What needs to be done | Reproduce the listing that follows character for character, excluding its pictures.

Available data |
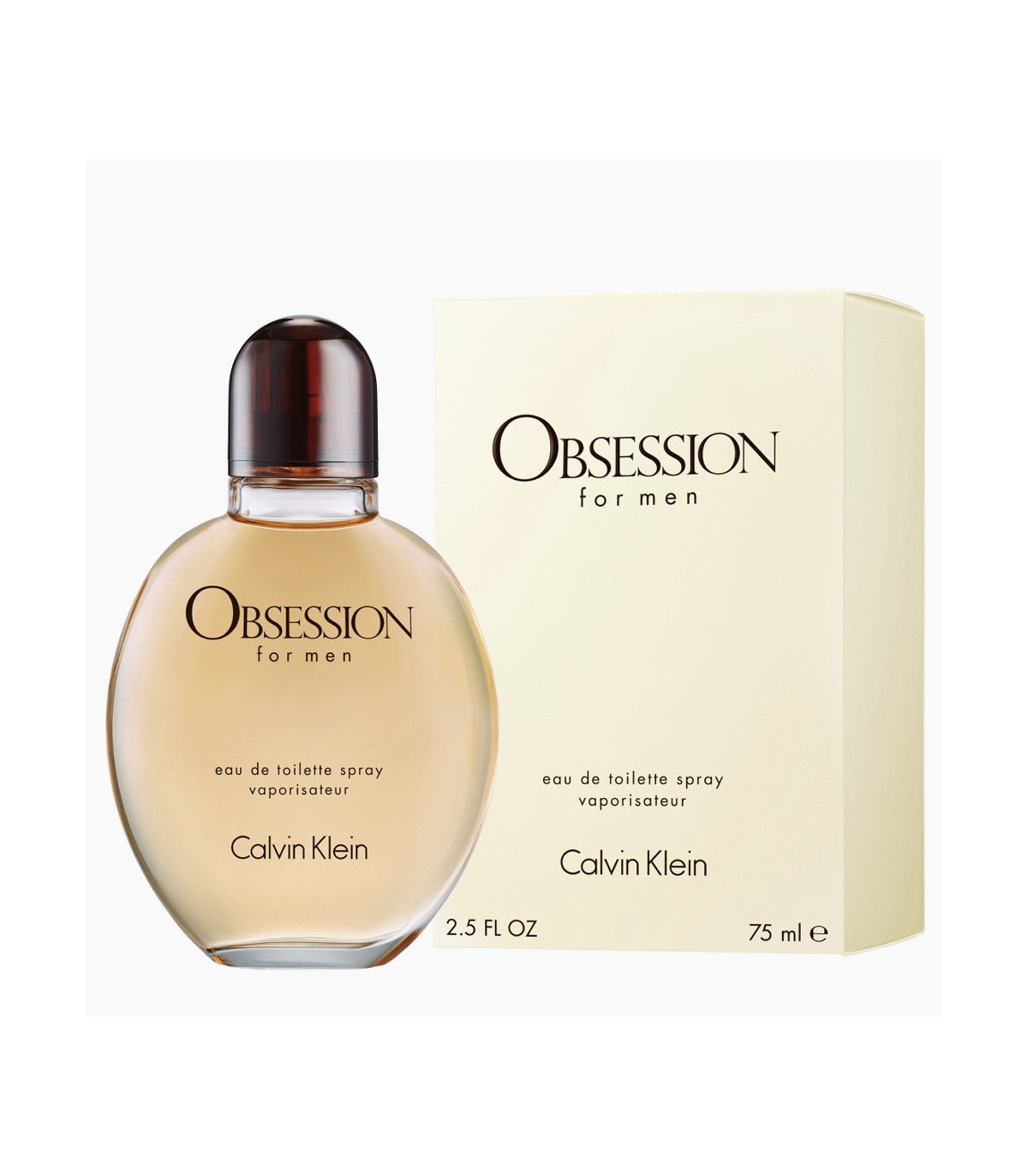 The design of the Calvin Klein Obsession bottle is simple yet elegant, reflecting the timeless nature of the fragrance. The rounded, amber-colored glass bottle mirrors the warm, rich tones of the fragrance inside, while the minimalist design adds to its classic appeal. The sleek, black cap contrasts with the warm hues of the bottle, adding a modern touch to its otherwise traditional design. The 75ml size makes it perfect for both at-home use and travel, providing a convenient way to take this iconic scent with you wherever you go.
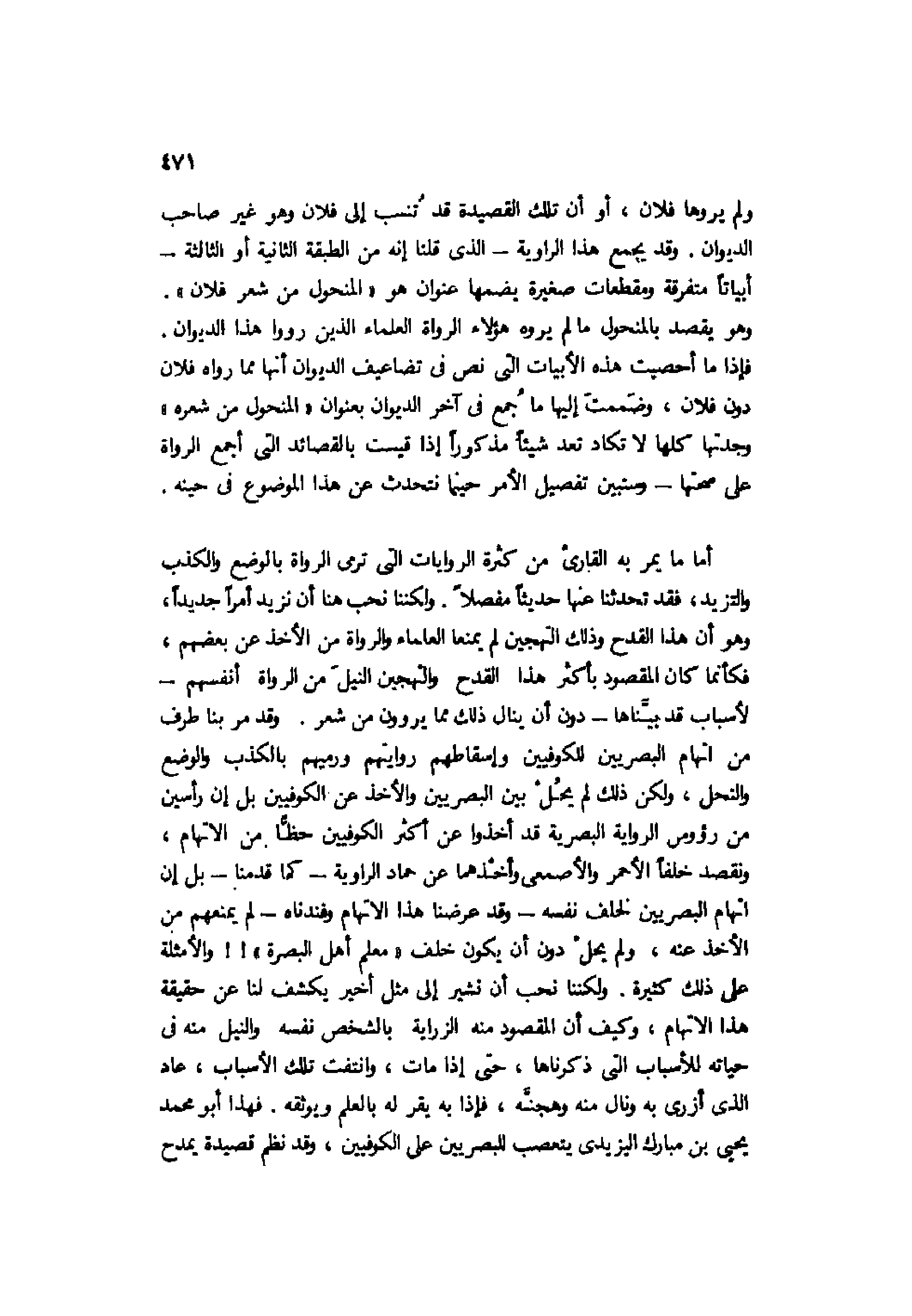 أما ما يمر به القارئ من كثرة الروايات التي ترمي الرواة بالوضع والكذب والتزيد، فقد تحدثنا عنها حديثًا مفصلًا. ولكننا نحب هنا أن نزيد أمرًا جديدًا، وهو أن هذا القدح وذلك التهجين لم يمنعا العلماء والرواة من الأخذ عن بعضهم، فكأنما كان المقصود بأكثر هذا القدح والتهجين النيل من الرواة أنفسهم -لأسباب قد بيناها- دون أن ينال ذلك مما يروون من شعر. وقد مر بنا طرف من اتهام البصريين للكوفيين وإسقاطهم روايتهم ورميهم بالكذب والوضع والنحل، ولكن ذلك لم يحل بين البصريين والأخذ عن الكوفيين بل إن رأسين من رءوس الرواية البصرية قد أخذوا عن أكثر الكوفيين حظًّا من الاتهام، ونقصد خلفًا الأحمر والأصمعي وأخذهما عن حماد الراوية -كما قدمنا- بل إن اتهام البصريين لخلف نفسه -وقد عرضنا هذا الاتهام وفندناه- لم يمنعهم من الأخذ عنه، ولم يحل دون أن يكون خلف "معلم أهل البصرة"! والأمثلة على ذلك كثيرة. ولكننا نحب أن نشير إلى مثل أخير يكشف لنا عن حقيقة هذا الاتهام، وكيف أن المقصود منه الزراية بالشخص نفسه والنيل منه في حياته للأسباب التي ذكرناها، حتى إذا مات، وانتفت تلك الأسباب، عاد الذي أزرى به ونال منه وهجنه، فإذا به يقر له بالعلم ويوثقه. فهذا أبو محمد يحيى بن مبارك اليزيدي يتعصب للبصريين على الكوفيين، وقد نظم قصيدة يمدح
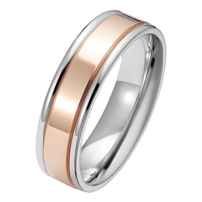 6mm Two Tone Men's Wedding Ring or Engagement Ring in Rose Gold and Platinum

Task output |
 The design of the Calvin Klein Obsession bottle is simple yet elegant, reflecting the timeless nature of the fragrance. The rounded, amber-colored glass bottle mirrors the warm, rich tones of the fragrance inside, while the minimalist design adds to its classic appeal. The sleek, black cap contrasts with the warm hues of the bottle, adding a modern touch to its otherwise traditional design. The 75ml size makes it perfect for both at-home use and travel, providing a convenient way to take this iconic scent with you wherever you go.
 أما ما يمر به القارئ من كثرة الروايات التي ترمي الرواة بالوضع والكذب والتزيد، فقد تحدثنا عنها حديثًا مفصلًا. ولكننا نحب هنا أن نزيد أمرًا جديدًا، وهو أن هذا القدح وذلك التهجين لم يمنعا العلماء والرواة من الأخذ عن بعضهم، فكأنما كان المقصود بأكثر هذا القدح والتهجين النيل من الرواة أنفسهم -لأسباب قد بيناها- دون أن ينال ذلك مما يروون من شعر. وقد مر بنا طرف من اتهام البصريين للكوفيين وإسقاطهم روايتهم ورميهم بالكذب والوضع والنحل، ولكن ذلك لم يحل بين البصريين والأخذ عن الكوفيين بل إن رأسين من رءوس الرواية البصرية قد أخذوا عن أكثر الكوفيين حظًّا من الاتهام، ونقصد خلفًا الأحمر والأصمعي وأخذهما عن حماد الراوية -كما قدمنا- بل إن اتهام البصريين لخلف نفسه -وقد عرضنا هذا الاتهام وفندناه- لم يمنعهم من الأخذ عنه، ولم يحل دون أن يكون خلف "معلم أهل البصرة"! والأمثلة على ذلك كثيرة. ولكننا نحب أن نشير إلى مثل أخير يكشف لنا عن حقيقة هذا الاتهام، وكيف أن المقصود منه الزراية بالشخص نفسه والنيل منه في حياته للأسباب التي ذكرناها، حتى إذا مات، وانتفت تلك الأسباب، عاد الذي أزرى به ونال منه وهجنه، فإذا به يقر له بالعلم ويوثقه. فهذا أبو محمد يحيى بن مبارك اليزيدي يتعصب للبصريين على الكوفيين، وقد نظم قصيدة يمدح
 6mm Two Tone Men's Wedding Ring or Engagement Ring in Rose Gold and Platinum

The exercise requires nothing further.